Content starts
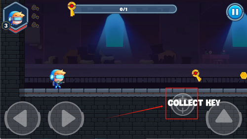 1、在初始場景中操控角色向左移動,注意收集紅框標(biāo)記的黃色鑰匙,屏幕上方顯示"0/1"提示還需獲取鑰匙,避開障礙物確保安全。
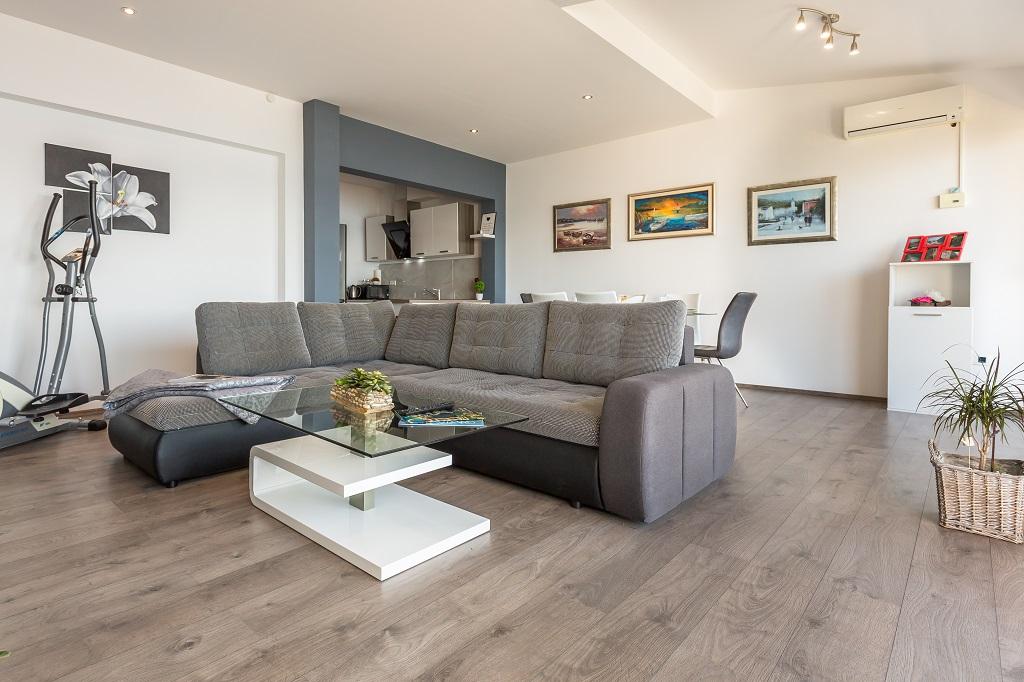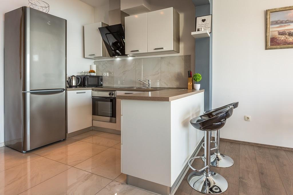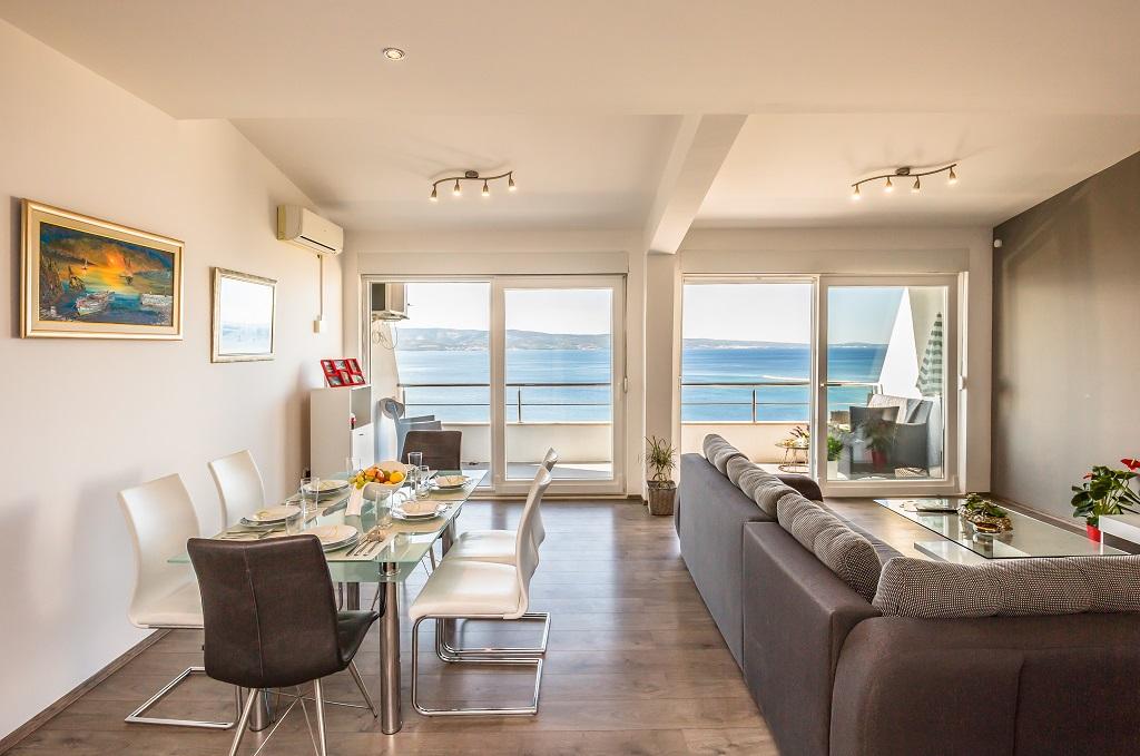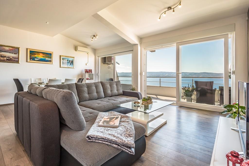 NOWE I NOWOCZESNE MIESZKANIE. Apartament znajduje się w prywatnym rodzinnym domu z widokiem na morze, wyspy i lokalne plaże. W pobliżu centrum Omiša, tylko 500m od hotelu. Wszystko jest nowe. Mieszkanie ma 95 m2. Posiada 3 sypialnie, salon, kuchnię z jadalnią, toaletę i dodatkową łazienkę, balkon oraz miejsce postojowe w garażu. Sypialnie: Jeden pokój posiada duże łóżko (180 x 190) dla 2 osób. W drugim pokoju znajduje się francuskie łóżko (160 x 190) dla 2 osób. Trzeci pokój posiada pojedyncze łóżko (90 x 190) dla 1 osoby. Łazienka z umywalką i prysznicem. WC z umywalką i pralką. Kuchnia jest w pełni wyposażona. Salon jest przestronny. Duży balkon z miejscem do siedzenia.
Content ends
Content starts
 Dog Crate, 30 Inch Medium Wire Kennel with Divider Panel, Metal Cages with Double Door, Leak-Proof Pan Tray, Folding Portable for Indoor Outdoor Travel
Content ends
Please transcribe exactly the part of the records that opens with the line containing "1、在初始場景中操控角色向左" and closes with the line containing "NOWE I NOWOCZESNE", both ends included, and leave out the pictures.

 1、在初始場景中操控角色向左移動,注意收集紅框標(biāo)記的黃色鑰匙,屏幕上方顯示"0/1"提示還需獲取鑰匙,避開障礙物確保安全。
 NOWE I NOWOCZESNE MIESZKANIE. Apartament znajduje się w prywatnym rodzinnym domu z widokiem na morze, wyspy i lokalne plaże. W pobliżu centrum Omiša, tylko 500m od hotelu. Wszystko jest nowe. Mieszkanie ma 95 m2. Posiada 3 sypialnie, salon, kuchnię z jadalnią, toaletę i dodatkową łazienkę, balkon oraz miejsce postojowe w garażu. Sypialnie: Jeden pokój posiada duże łóżko (180 x 190) dla 2 osób. W drugim pokoju znajduje się francuskie łóżko (160 x 190) dla 2 osób. Trzeci pokój posiada pojedyncze łóżko (90 x 190) dla 1 osoby. Łazienka z umywalką i prysznicem. WC z umywalką i pralką. Kuchnia jest w pełni wyposażona. Salon jest przestronny. Duży balkon z miejscem do siedzenia.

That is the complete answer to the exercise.